Interpreting the cause of bound earthquakes at underground injection experiments

Ryan Schultz, Linus Villiger, Valentin Gischig, and Stefan Wiemer

Solid Earth, 17, 617–642, https://doi.org/10.5194/se-17-617-2026,https://doi.org/10.5194/se-17-617-2026, 2026

Short summary

Ryan Schultz, Linus Villiger, Valentin Gischig, and Stefan Wiemer

Interactive discussion

Status: closed

RC1:
'Comment on egusphere-2025-5806', Anonymous Referee #1, 12 Mar 2026

Dear Authors,
Manuscript entitled „Interpreting the cause of bound earthquakes at underground injection experiments” by Ryan Schultz, Linus Villiger, Valentin Gischig, and Stefan Wiemer is well designed with clearly presented scope and reasoning. It deals with important topic of the determination of maximum magnitude for injection experiments, which pose important insight into physics of the earthquakes induced by fluid injection and further any other seismicity related to fluid-rock interactions. Methods are clearly described as well as data used for the estimations. Reasoning is documented well with the former works of various authors. I have one major critical comment related with methodology and some minor comments related with the literature review and technical.
Major issue, which may need some explanation is sensitivity of the CAP test to magnitude range. There is 2-3 magnitude unit span between the smallest and the largest events and even smaller when we consider completeness. I would like to see any discussion about the magnitude range on the CAP tests efficiency in cases used here. Authors only discuss the role of the events number in datasets suitable for the tests.
In the Introduction authors refer to different maximum magnitude estimation methods, however not mentioning any Bayesian methods (Kijko, 2025) or methods dealing with small catalogs or incomplete catalogs (eg. Kijko et al., 2021, Vermuelen and Kijko (2017)). I think, that taking into account above works may be informative for reader interested in dealing with seismic catalogs with narrow magnitude range and/or small event number.
Minor technical remarks:
Line 78 and below: Acronyms such as CAP, KS, MLE and EW should be explained as they are introduced.
Line 868: All the symbols from equation should be explained here again.
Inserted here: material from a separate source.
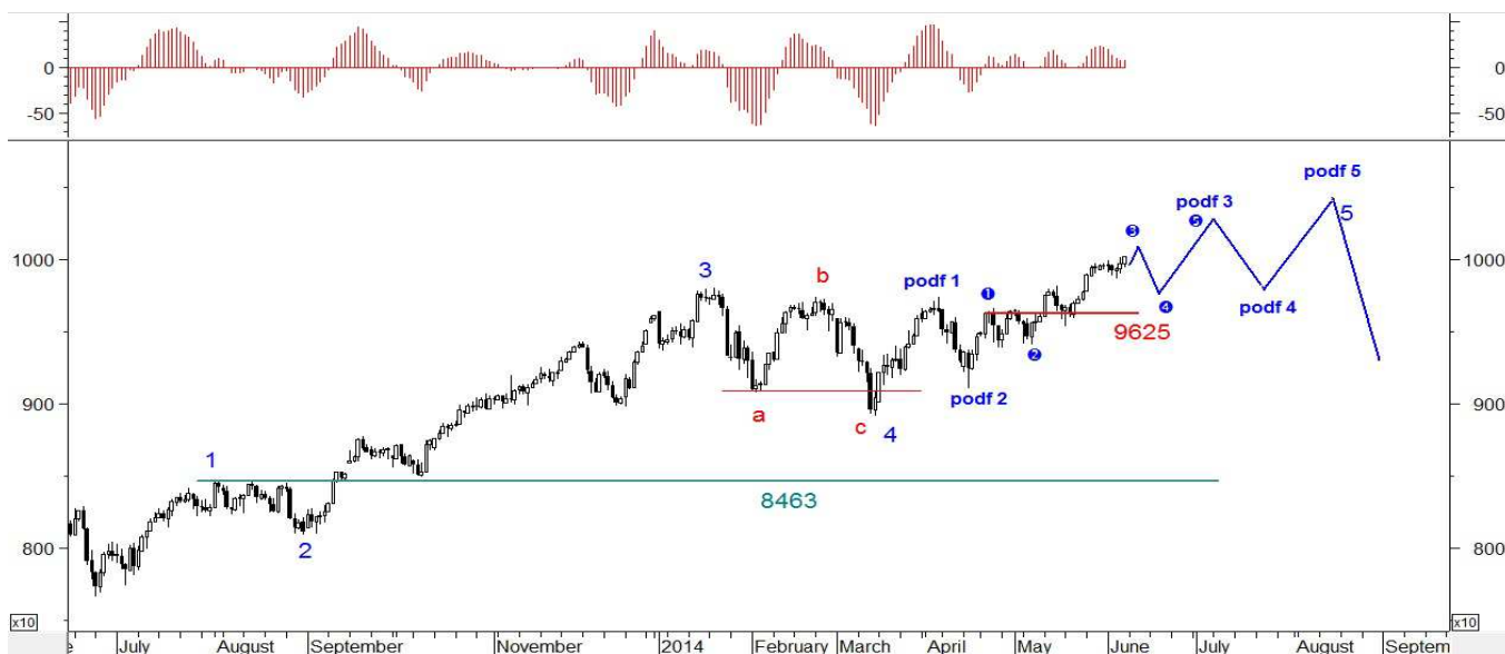
Wykres 3. Kontrakty na indeks DAX

Podobnie jak na wykresie kontraktów na indeks S&P500 z kwietniowego dna widoczna jest na razie 3-falowa struktura. Jesteśmy blisko zakończenia fali trzeciej. Wielosesyjny ruch w dół może się okazać korekcyjną falą czwartą. Krytyczne wsparcie jest na poziomie 9625pkt. Nie powinno być zagrożone. Potem czeka nas jeszcze jeden ruch w górę w ramach fali piątej. Środkowa najsilniejsza część trendu wzrostowego z marcowego dna będzie za nami. Po korekcie czeka na jeszcze jeden szczyt. Na jesieni możliwe jest przesilenie.

Some are introduced earlier (but not all), and it may be hard to follow for the reader.
References:
Kijko, A., Vermeulen, PJ., Smit, A. (2021) Estimation Techniques for Seismic Recurrence Parameters for Incomplete Catalogues SURVEYS IN GEOPHYSICS Vol.43 Issue 2 pp. 597-617, DOI:10.1007/s10712-021-09672-2
Kijko A., (2025) Bayesian Assessment of the Maximum Possible Earthquake Magnitude mmax. JOURNAL OF THE GEOLOGICAL SOCIETY OF INDIA. Volume 101 Issue 6 Page764-769 DOI: 10.17491/jgsi/2025/174157
Vermuelen, P., Kijko, A. (2017) More statistical tools for maximum possible earthquake magnitude estimation. Acta Geophysica 65(4), pp.579-587. DOI10.1007/s11600-017-0048-3

Citation: https://doi.org/10.5194/egusphere-2025-5806-RC1
- AC1: 'Reply on RC1', Ryan Schultz, 24 Mar 2026
  
  See the attached PDF.
  
  Citation: https://doi.org/10.5194/egusphere-2025-5806-AC1
RC2:
'Comment on egusphere-2025-5806', Peter Niemz, 19 Mar 2026
In this manuscript, the authors extend their study on the statistical characterization of induced seismic sequences with respect to the expected maximum magnitude from field-scale observations (Schultz et al, 2025) to underground laboratory experiments. A reliable estimation of the maximum expected magnitude during EGS and other subsurface operations, which goes beyond a static traffic light system, is paramount operations operations to be conducted safely.
Mine-scale experiments have the advantage that their environment is much more controlled and findings from field-scale (Schultz et al, 2025) can be tested with higher confidence due to improved monitoring setups and other comprehensive datasets. That said, the extension of their research goes beyond the mere application of the existing method to new test cases.
The authors concisely describe their statistical tests and the workflow, allowing it to be applied to other sequences by other researchers. I have to assume that the github link with data and code will be available upon publication of the article, as they did for the previous paper introducing the CAP test.
The work is clearly structured from simple (HF-dominated) to complex (mixed-mode) cases.
While the authors clearly draw the difference between bound and unbound in regard to limited fracture length and the reactivation of preexisting faults, the authors also discuss when this simple binary reasoning might be wrong. Their generalization of the V^n model and the Vn-EW test provides a novel approach to the study of underlying processes in seismic sequences beyond the analysis of induced cases alone.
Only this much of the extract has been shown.